To do this, we first generate a password hash (cookie based auth isn't currently supported by the plugin, but may be implemented in future)
tor --hash-password MySuperSecretPassword
# Outputs
# 16:8DED2B1036E04B50603907271DF881ACEA26671AA27411A77830C046F7
Next, we need to update tor's configuration
nano /etc/tor/torrc
Add the following (replace the password digest with your own)
ControlPort 9051
HashedControlPassword 16:8DED2B1036E04B50603907271DF881ACEA26671AA27411A77830C046F7
Save and exit (ctrl-x
, y
)
Reload tor
pkill -sighup tor
Installing and Configuring the Plugin
Next up is installing and configuring the plugin itself
Clone my plugins repo down and copy the plugin file into /usr/local/bin
(you can change the path if you wish)
git clone git@github.com:bentasker/telegraf-plugins.git
sudo cp telegraf-plugins/tor-daemon/tor-daemon.py /usr/local/bin
Open the script in a text editor
sudo nano /usr/local/bin/tor-daemon.py
And edit the variables at the top to set the relevant details for your install (in future, there'll be an easier way to set the config)
CONTROL_H = os.getenv("CONTROL_HOST", "127.0.0.1")
CONTROL_P = int(os.getenv("CONTROL_PORT", 9051))
AUTH = os.getenv("CONTROL_AUTH", "MySecretPass")
Run the plugin to verify that it returns results
/usr/local/bin/tor-daemon.py
You should get some Line Protocol output:
tor,controlport_connection=success,version_status=recommended,network_liveness=up stats_fetch_failures=0i,bytes_rx=239214179i,bytes_rx=280990655i,uptime=35874i,tor_version="0.4.5.10",dormant=0i,orport_reachability=1i,dirport_reachability=1i,guards_never_connected=22i,guards_down=0i,guards_up=0i,guards_unlisted=0i,guards_unusable=0i,guards_total=22i
Add the following TOML to /etc/telegraf/telegraf.conf
to configure Telegraf to trigger the plugin
[[inputs.exec]]
commands = ["/usr/local/bin/tor-daemon.py"]
data_format = "influx"
And, if you haven't already, add an output to your telegraf configuration, telling it to write to your InfluxDB instance
[[outputs.influxdb_v2]]
## The URLs of the InfluxDB cluster nodes.
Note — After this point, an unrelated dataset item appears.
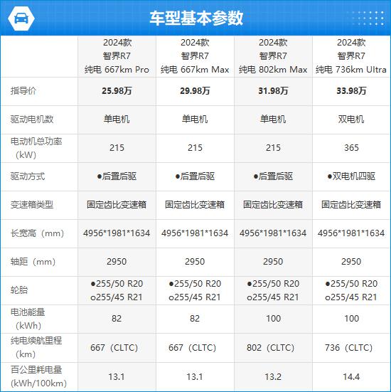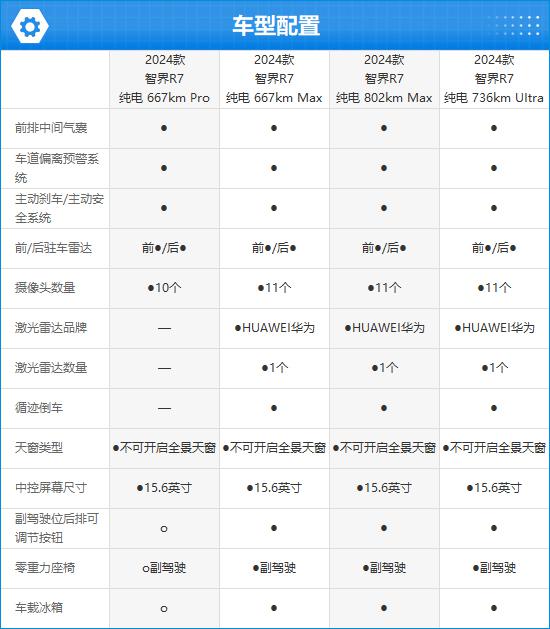 2024 款智界 R7 共推出两套动力配置 3 续航版可以选择,即使是入门级车型。 CLTC 还达到了纯电续航里程。 667km,能让用户基本摆脱“里程焦虑”。配件部分,客观来说,入门级车型确实稍逊一筹,主要是缺少激光雷达,其它车型的表现也不差。总体来看,2024 款智界 R7 同时也达到了“入门即高配”的标准,性价比非常高。

urls = ["https://eu-central-1-1.aws.cloud2.influxdata.com"]
## Token for authentication.
token = "<token>"
## Organization is the name of the organization you wish to write to; must exist.
organization = "<org name>"
## Destination bucket to write into.
bucket = "telegraf"
Restart Telegraf
systemctl restart telegraf
Graphing
You should now have data appearing in InfluxDB, in a measurement called tor
within the telegraf
bucket.
The next thing to do then is to create a dashboard and graph some of these metrics out (there's an export of the dashboard here).
The top row gives a global overview - are there any nodes which are reporting themselves as dormant, and are there any nodes where the plugin is failing to fetch statistics?
Below that, we add some at-a-glance indicators of Tor's health
Does it consider itself to have a network connection?
from(bucket: "telegraf/autogen")
|> range(start: v.timeRangeStart, stop: v.timeRangeStop)
|> filter(fn: (r) => r._measurement == "tor")
|> filter(fn: (r) => r._field == "bytes_rx")
|> filter(fn: (r) => r.host == v.host)
|> last()
|> map(fn: (r) => ({
host: r.host,
_value: if r.network_liveness == "up"
then
1
else
0
,
_field: "network_liveness"
}))
How does tor assess it's own software version?
from(bucket: "telegraf/autogen")
|> range(start: v.timeRangeStart, stop: v.timeRangeStop)
|> filter(fn: (r) => r._measurement == "tor")
|> filter(fn: (r) => r._field == "bytes_rx")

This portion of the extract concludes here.